BEGIN

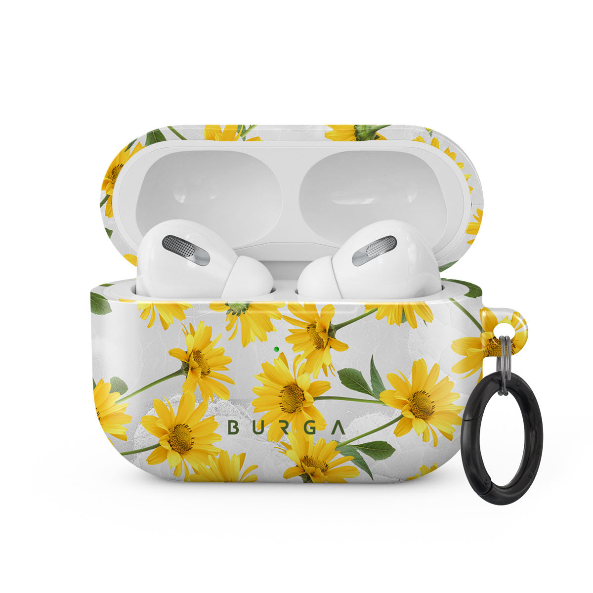 I went for the looks, but got a quality case! I love this case. At first I was worried about the case being in two pieces - top and bottom are not connected. However it fits so snuggly on the AirPods box that I believe that is not a worry for me. Also I like that it sticks out all shiny and yellow so I don't forget my AirPods on the plain or something. Love it. Bought a matching set with my work phone - how adorable are they?
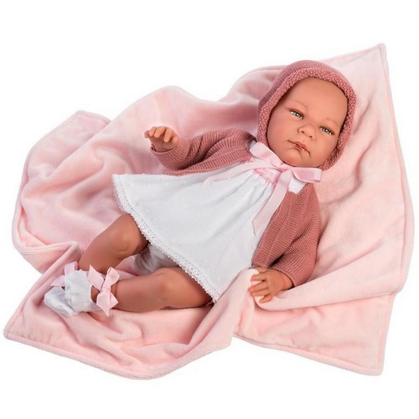 А дрешките й са толкова стилни и нежни - рокличката, гащичките и обувките й са бели с фини бродерии и дантели, куклата има плетена жилетка и шапка в коралов цвят. Комплектът съдържа и меко розово одеало, а също така и сертификат за раждане на кукла-бебе Кандела.
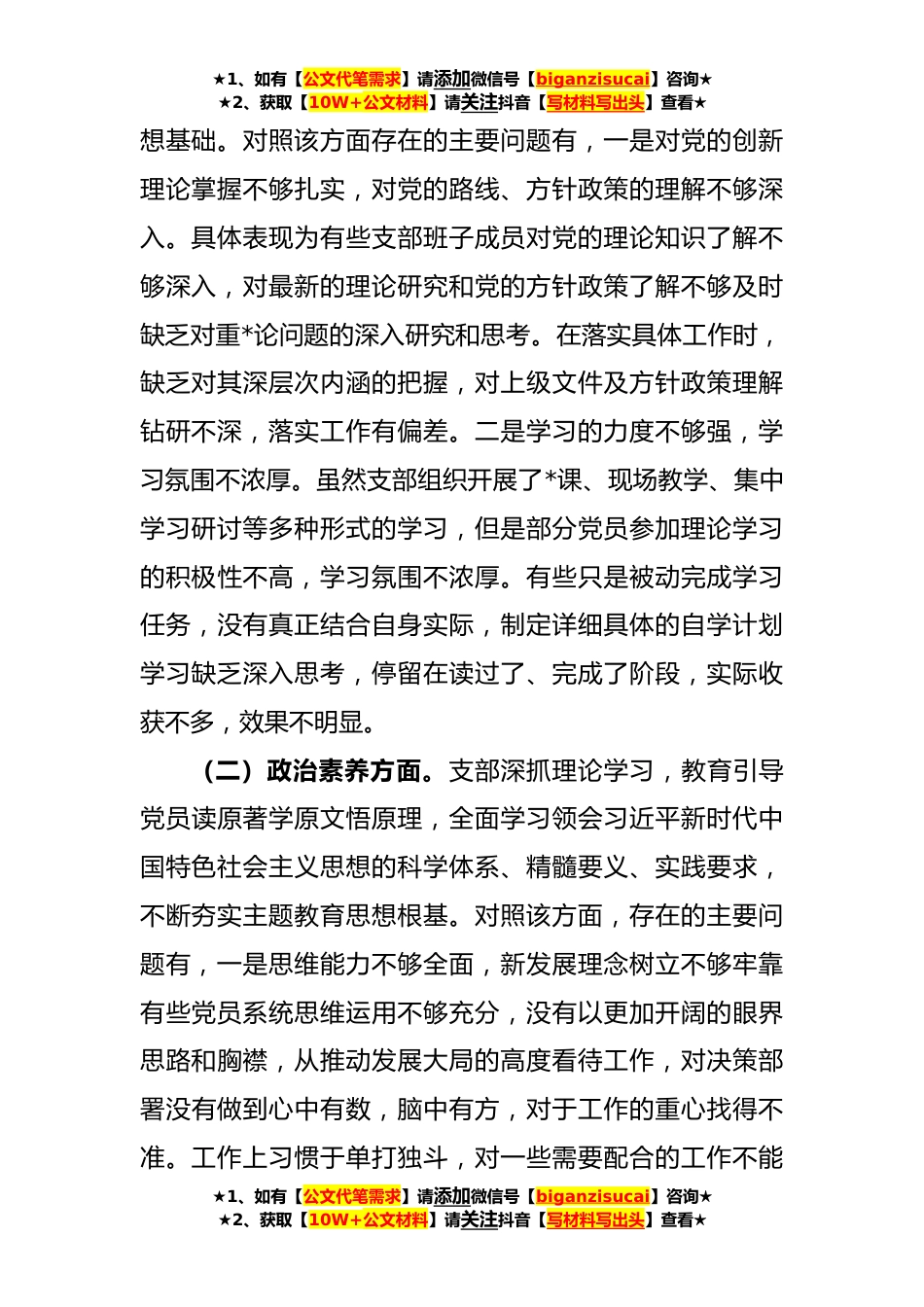 ★1、如有【公文代笔需求】请添加微信号【biganzisucai】咨询★★2、获取【10W+公文材料】请关注抖音【写材料写出头】查看★**年主题教育专题组织生活会支部班子对照检查材料按照X党委关于组织开展主题教育专题组织生活会的总体安排部署,根据这次专题组织生活会的相关要求,X支部班子立即对各项工作进行安排部署,并严格对照通知要求的六个方面进行全面检视。为将问题找准找实,支部班子召开专题会议,紧紧围绕“以学铸魂、以学增智、以学正风、以学促干”,进行了一次深刻的思想淬炼和灵魂洗礼,结合主题教育开展情况、结合工作实际,深刻透彻查摆问题,深挖根源直击问题本质,理出问题清单,逐项对照拟定整改措施,真正做到把问题找准、把原因分析透、把措施提实。现将支部班子对照检查汇报如下:一、存在的问...
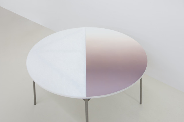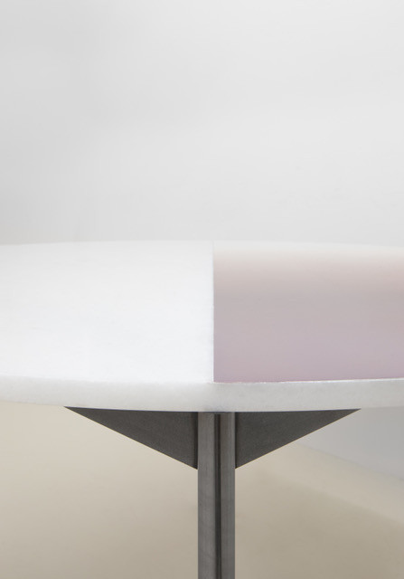 Steel structure, oil on marble table top (Bianco Neve)
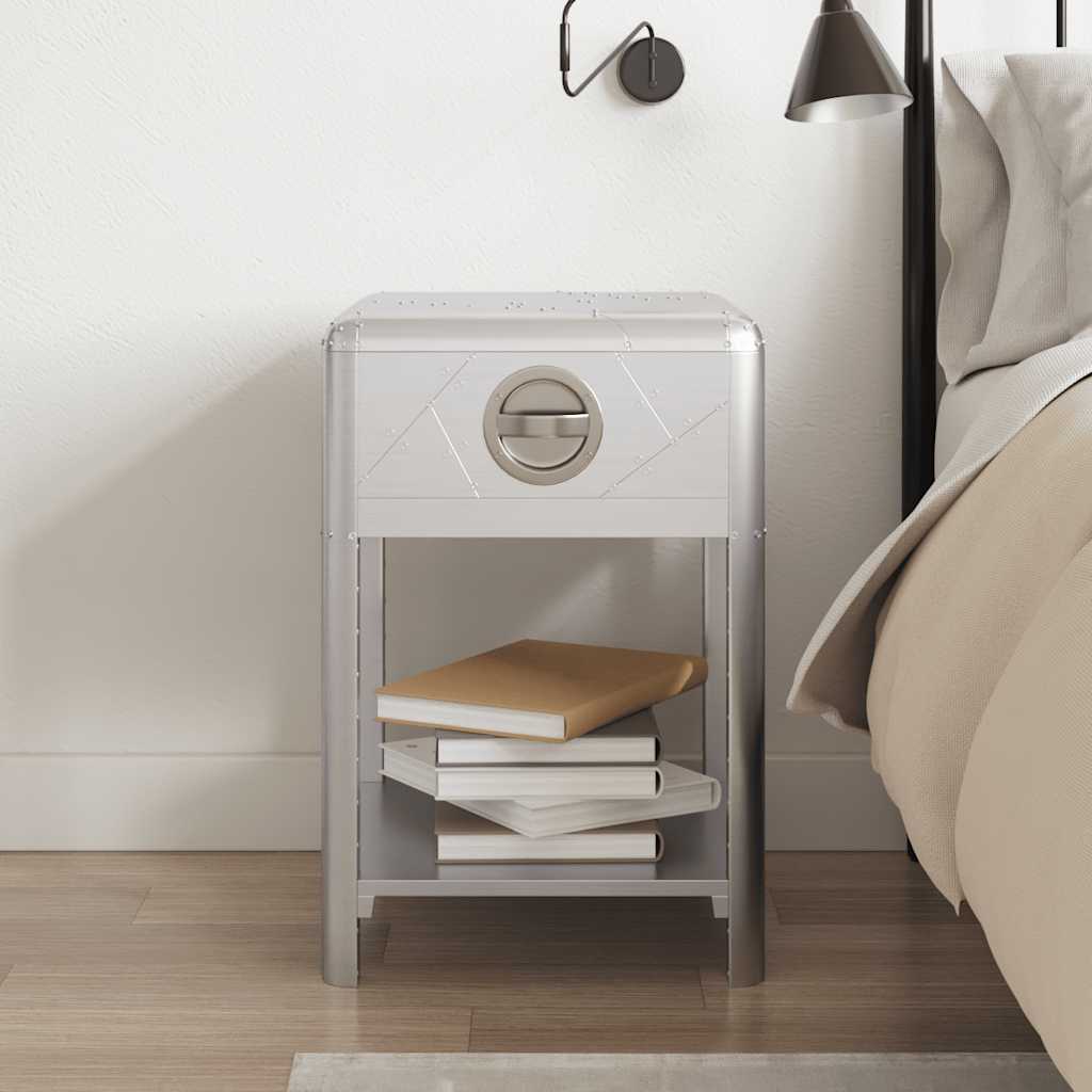 Questo tavolino in stile aviatore è realizzato in legno massello e la sua superficie è rivestita con un mosaico di pannelli in alluminio lucidato, accentati con viti in acciaio a vista, che lo rendono estremamente resistente. I bordi lisci e la maniglia del cassetto retrò conferiscono al tavolino aviatore un aspetto unico.
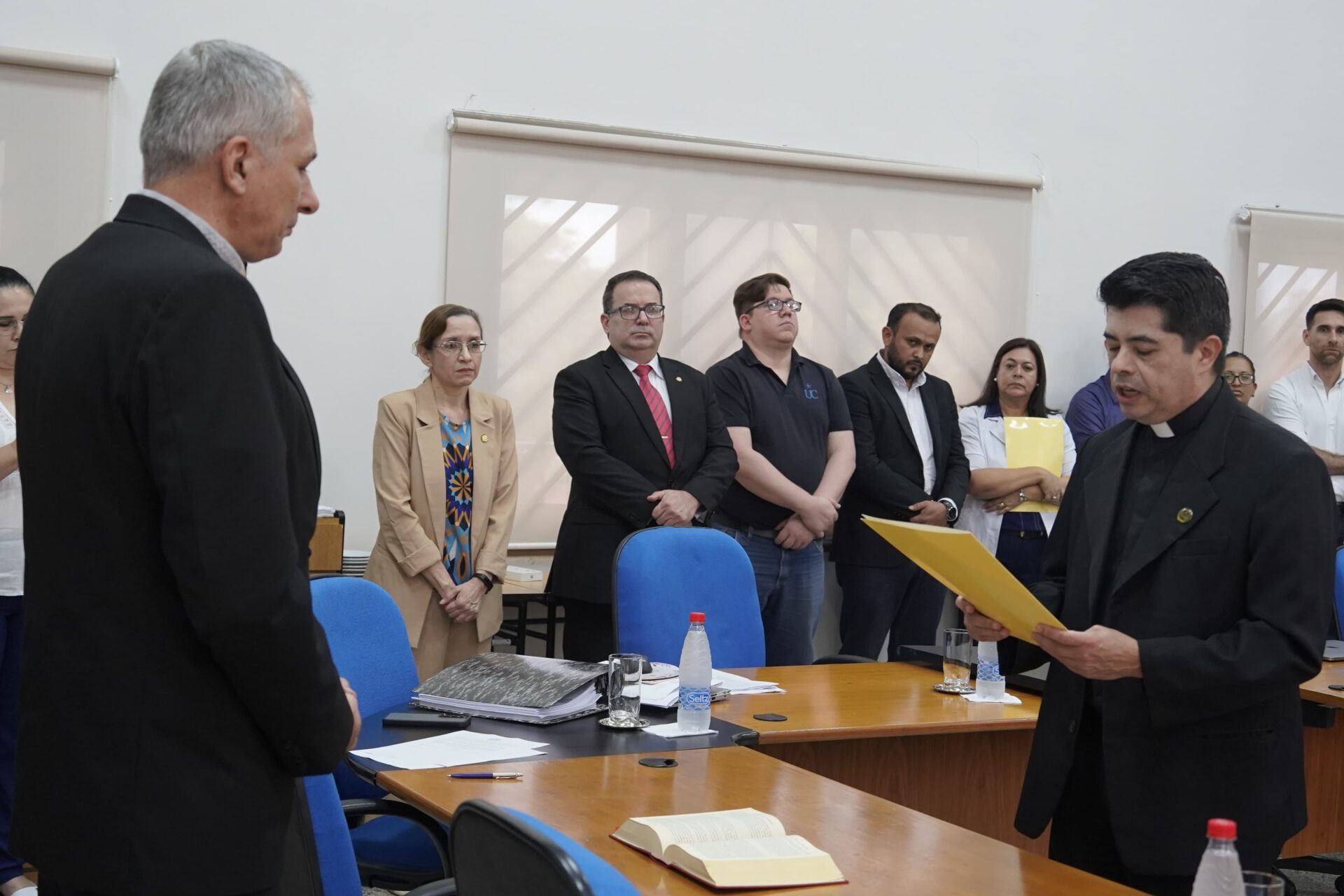 En la mañana de este martes, en la sala de sesiones del Rectorado – Campus Asunción, se llevó a cabo el acto de juramento del Pbro. Mg. Sergio Ayala Viveros como nuevo secretario general de la Universidad Católica “Nuestra Señora de la Asunción”, para el quinquenio 2025–2030. El mismo se venía desempeñando como consejero asesor de la Universidad, cargo del cual se desprende para asumir esta nueva responsabilidad. La elección de su reemplazo como consejero será tratada por la CEP.

END

Above are records with pictures. Reproduce exactly only the lines from the line with "А дрешките й" through the line with "Steel structure, oil", both ends included, and leave the pictures out.

 А дрешките й са толкова стилни и нежни - рокличката, гащичките и обувките й са бели с фини бродерии и дантели, куклата има плетена жилетка и шапка в коралов цвят. Комплектът съдържа и меко розово одеало, а също така и сертификат за раждане на кукла-бебе Кандела.
 ★1、如有【公文代笔需求】请添加微信号【biganzisucai】咨询★★2、获取【10W+公文材料】请关注抖音【写材料写出头】查看★**年主题教育专题组织生活会支部班子对照检查材料按照X党委关于组织开展主题教育专题组织生活会的总体安排部署,根据这次专题组织生活会的相关要求,X支部班子立即对各项工作进行安排部署,并严格对照通知要求的六个方面进行全面检视。为将问题找准找实,支部班子召开专题会议,紧紧围绕“以学铸魂、以学增智、以学正风、以学促干”,进行了一次深刻的思想淬炼和灵魂洗礼,结合主题教育开展情况、结合工作实际,深刻透彻查摆问题,深挖根源直击问题本质,理出问题清单,逐项对照拟定整改措施,真正做到把问题找准、把原因分析透、把措施提实。现将支部班子对照检查汇报如下:一、存在的问...
 Steel structure, oil on marble table top (Bianco Neve)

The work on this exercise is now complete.